Additionally, bearings 216 can be used to further stabilize the
rotation of the flexible member 176.
[0043] Referring now to FIGS. 4 and 5, the power/data transfer unit
174 is fixed in the centralizer 175 that is positioned in a bore
133 of the sub 132. The centralizer 175 includes axial passages
(not shown) that allow drilling fluid (not shown) to flow through
the bore 133. The power/data transfer unit 174 includes a body 192
in which are formed channels 194 for receiving conductive elements
196 and an open end 198 adapted to receive the bearing assembly 208
and the flexible member 176. The conductive elements 196 are
coupled at one end to an external connector 209 and at the other
end to a contact assembly 218. The contact assembly 218 maintains
continuity of power and data transfer between conductive elements
196 and the rotating conductive connector 202. An exemplary contact
assembly 218 includes a cylinder 220 and a piston 222 biased within
the cylinder 220 by a spring 224. The piston 222 is formed at least
partially of a conductive material and is biased into physical
engagement with the contact head 206 of the conductive connector
202. This physical engagement, however, allows the contact head 206
to rotate relative to the piston 222. Further, axial movement of
the flexible member 176 during operation, either toward or from the
piston 222, will not interrupt power/data transfer because the
piston 222 can slide forward or backward as necessary to maintain
the physical contact with the contact head 206.

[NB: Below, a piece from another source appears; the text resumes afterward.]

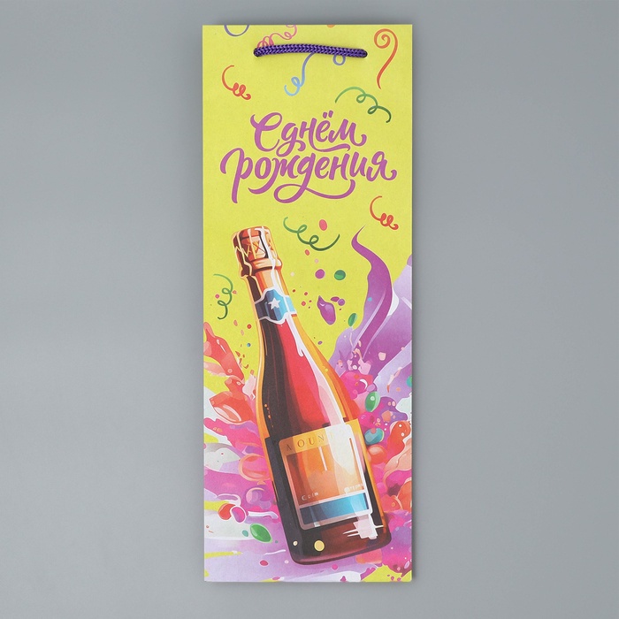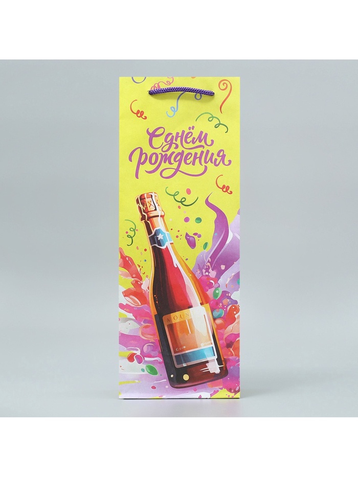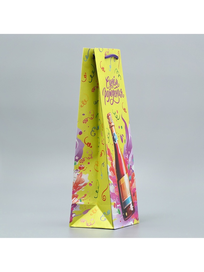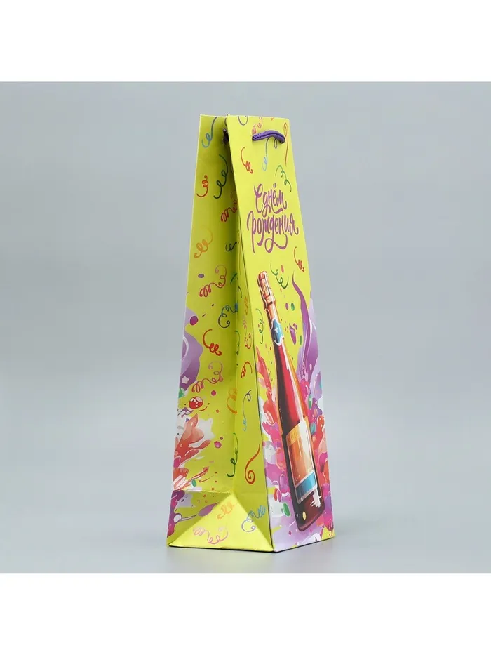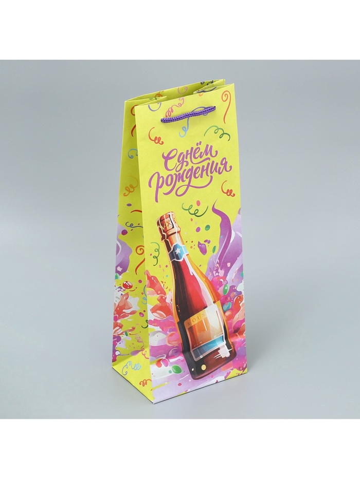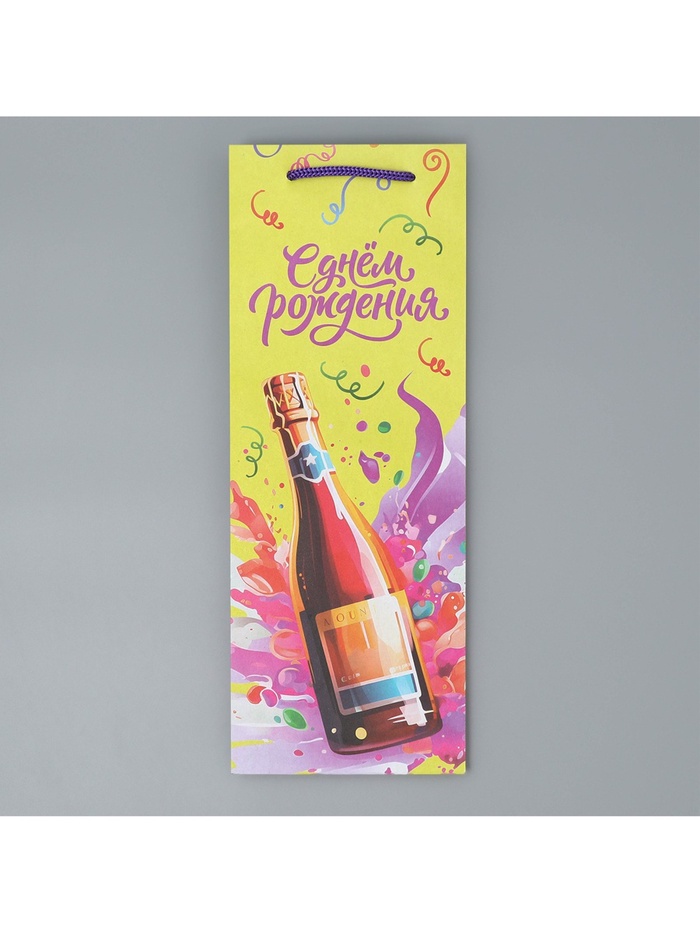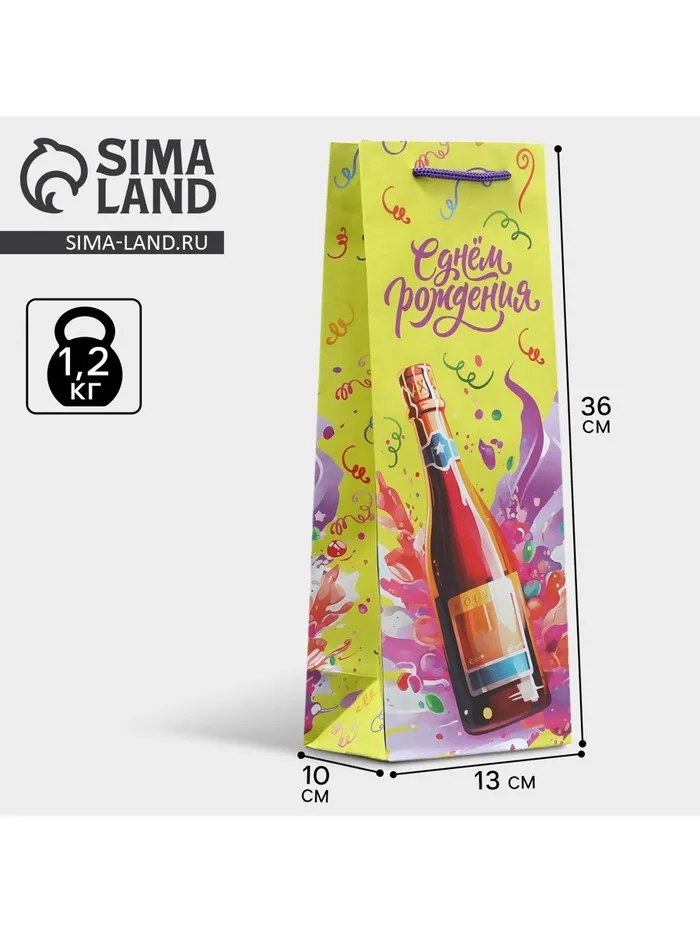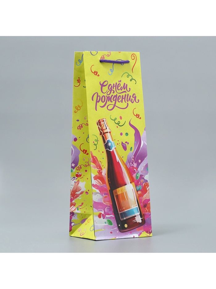 Пакет подарочный под бутылку, упаковка, «День рождения», 36 х 13 х 10 см — Характеристики

[0044] Additionally, the power/data transfer unit 174 can include a
pressure compensation unit 230 for controlling fluid pressure in
the power/data transfer unit 174. In one embodiment, the interior
cavities of the power/data transfer unit 174, such as the channel
194, are filled with a hydraulic fluid such as oil. An exemplary
pressure compensation unit 230 for controlling the pressure of the
fluid in the power/data transfer unit 174 includes a chamber 232 in
which a spring 234 biases a piston head 236. In one arrangement,
passages 237 are formed to allow the surrounding pressurized
drilling fluid to apply hydrostatic pressure against the piston
head 236. The spring force of the spring 234 is selected to
maintain a desired amount of pressure on the hydraulic fluid. Plugs
238 are provided in the body 192 to allow filling and draining of
fluid in the power/data transfer unit 174. Seals are also used as
needed to maintain fluid integrity of the power/data transfer unit
174.
[0045] It should be appreciated that a drilling motor made in
accordance with the present invention enables data and/or power
transmission between equipment uphole of the motor and equipment
downhole of the motor. For example, power and/or data signals can
be transferred from the BCPM 140 to the steering unit 110. Also,
sensors (not shown) in or near the drill bit 102 can transmit data
to one or more processors (not shown) uphole of the motor 120. One
exemplary advantage of the present invention is enabling the
positioning of electronics and other equipment sensitive to
vibration further uphole of the drill bit 102, which provides some
measure of isolation from vibrations caused by the rotating drill
bit 102. Another exemplary advantage is an increase in
effectiveness of the drilling motor 120. That is, because the BCPM
140 can be positioned uphole of the motor 120, the length between
the drill bit 102 and the motor 120 is reduced--which enhances the
transmission of rotary power from the motor 120 to the drill bit
102.
[0046] Thus, as described above, power and/or data can be
transferred between rotating and non-rotating members such as the
flexible shaft 176 and power/data transfer unit 174 using a path
formed by physical contact by two conductive elements. In other
embodiments, an inductive coupling device can be used to transfer
electric power and data signals between rotating and non-rotating
members as more fully described below.
[0047] Referring now to FIG. 6, there is shown a block functional
diagram of a section of the BHA 100 that depicts the method for
power and data transfer between the rotating and non-rotating
sections of the BHA 100. In FIG. 6, a steering unit 310 is shown
disposed on a rotating shaft 328 coupled at one end to the rotor of
the drilling motor (e.g., at pin end 128 of FIG. 3) and at the
other end to the drill bit 102. The steering unit 310 includes a
non-rotating sleeve or member 360 and receives electrical power
generated by the BCPM 140 and/or the surface via methods and
devices previously described.
[0048] In one embodiment, electric power and data are transferred
between a rotating drill shaft 328 and the non-rotating sleeve 360
via an inductive coupling. An exemplary inductive power and data
transfer device 370 is an inductive transformer, which includes a
transmitter section 372 carried by the rotating member 328 and a
receiver section 374 placed in the non-rotating sleeve 360 opposite
from the transmitter 372. The transmitter 372 and receiver 374
respectively contain coils 376 and 378. Power to the coils 376 is
supplied by the primary electrical control circuit 380. The primary
electronics 380 conditions the power supplied by the BCPM 140 or
other source and supplies it to the coils 376. These coils 376,378
induce current into the receiver section 374, which delivers AC
voltage as the output. The secondary control circuit or the
secondary electronics 382 in the non-rotating member 360 converts
the AC voltage from the receiver 372 to DC voltage. The DC voltage
is then utilized to operate various electronic components in the
secondary electronics and any electrically-operated devices.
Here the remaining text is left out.